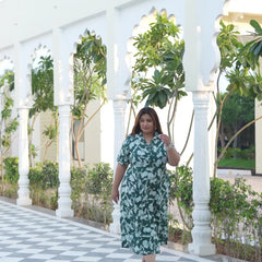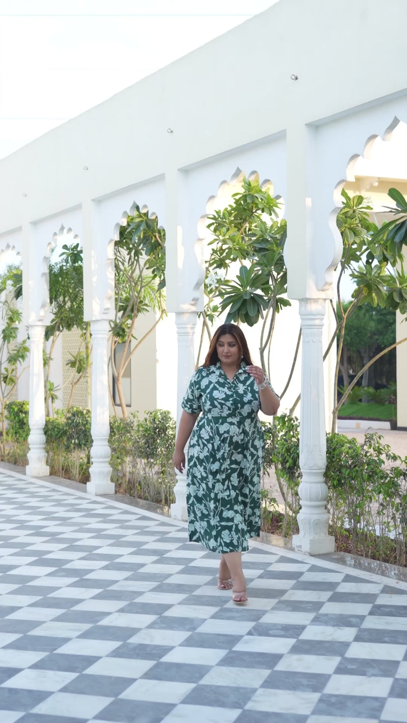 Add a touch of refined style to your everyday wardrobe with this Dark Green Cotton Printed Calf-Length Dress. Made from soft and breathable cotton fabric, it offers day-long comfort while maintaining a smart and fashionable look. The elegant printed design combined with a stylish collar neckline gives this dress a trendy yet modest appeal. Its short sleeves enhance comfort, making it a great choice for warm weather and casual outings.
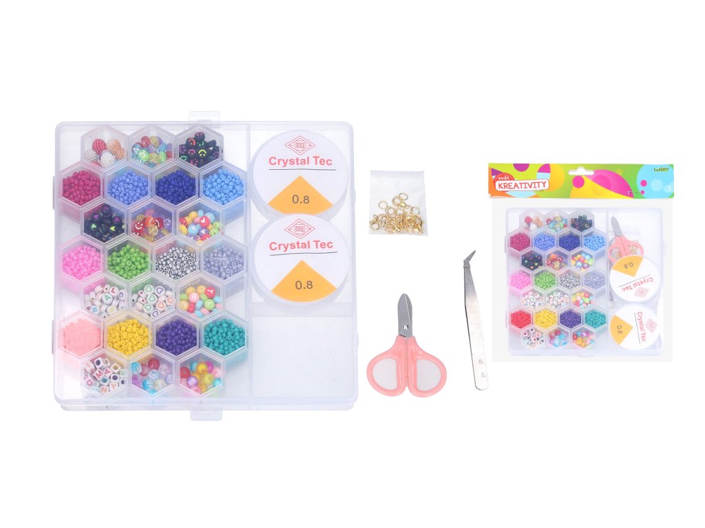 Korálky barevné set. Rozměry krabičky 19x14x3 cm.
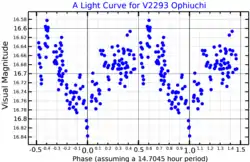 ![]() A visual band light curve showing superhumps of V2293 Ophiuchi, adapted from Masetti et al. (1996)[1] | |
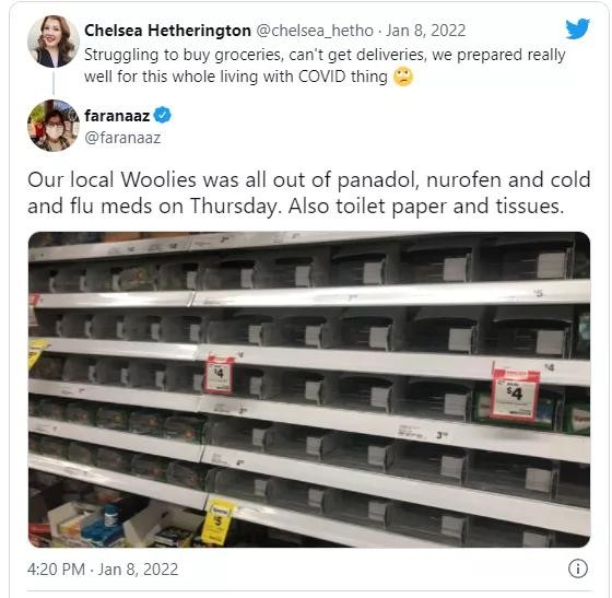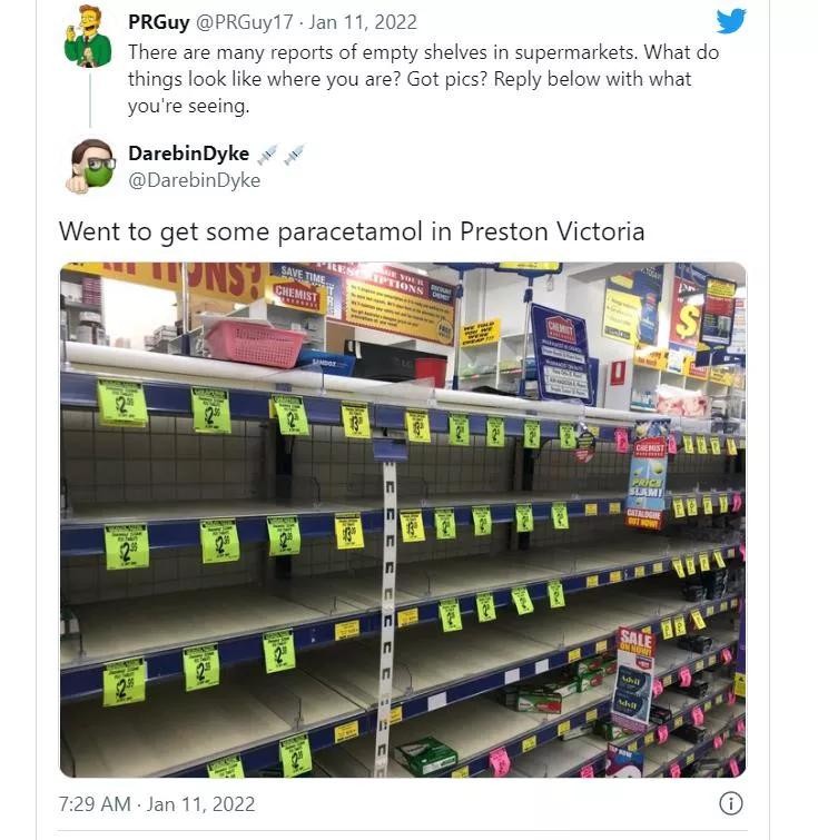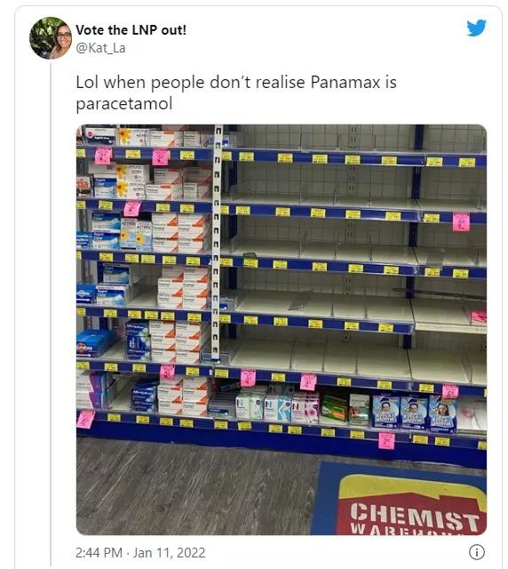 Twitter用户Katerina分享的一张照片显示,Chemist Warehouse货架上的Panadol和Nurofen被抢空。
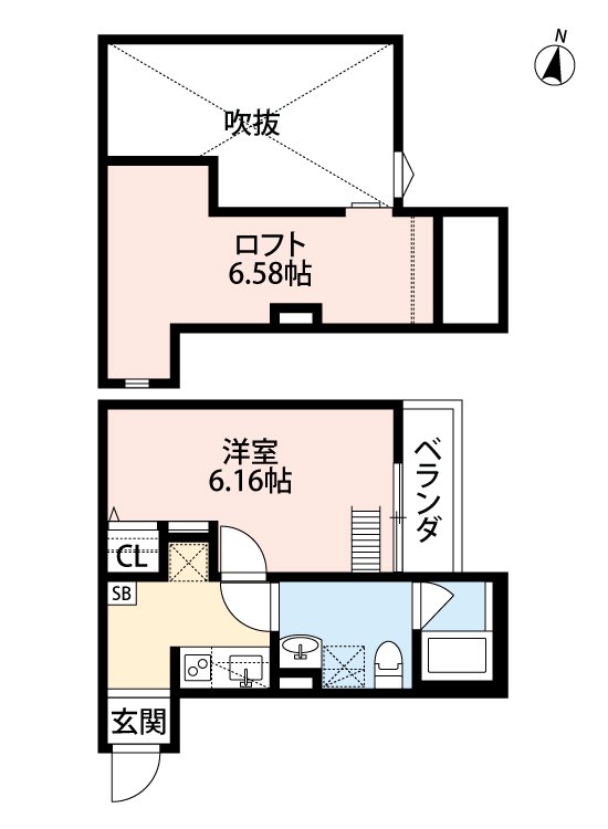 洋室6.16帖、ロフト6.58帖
...
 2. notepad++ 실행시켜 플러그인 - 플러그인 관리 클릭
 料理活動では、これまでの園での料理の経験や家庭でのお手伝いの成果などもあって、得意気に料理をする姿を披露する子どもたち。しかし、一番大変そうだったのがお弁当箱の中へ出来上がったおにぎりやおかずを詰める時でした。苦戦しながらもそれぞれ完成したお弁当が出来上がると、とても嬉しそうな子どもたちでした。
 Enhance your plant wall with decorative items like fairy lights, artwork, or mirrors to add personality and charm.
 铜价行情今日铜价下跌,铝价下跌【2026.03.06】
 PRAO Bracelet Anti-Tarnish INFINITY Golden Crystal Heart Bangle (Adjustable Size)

_Your goal:_ Using the data above, which lines fall from the one with "(1996)[1] | |" through the one with "洋室6.16帖、ロフト6.58帖"? Repeat them exactly, ends included, minus any pictures.

_Result:_
 ![]() A visual band light curve showing superhumps of V2293 Ophiuchi, adapted from Masetti et al. (1996)[1] | |
 Twitter用户Katerina分享的一张照片显示,Chemist Warehouse货架上的Panadol和Nurofen被抢空。
 洋室6.16帖、ロフト6.58帖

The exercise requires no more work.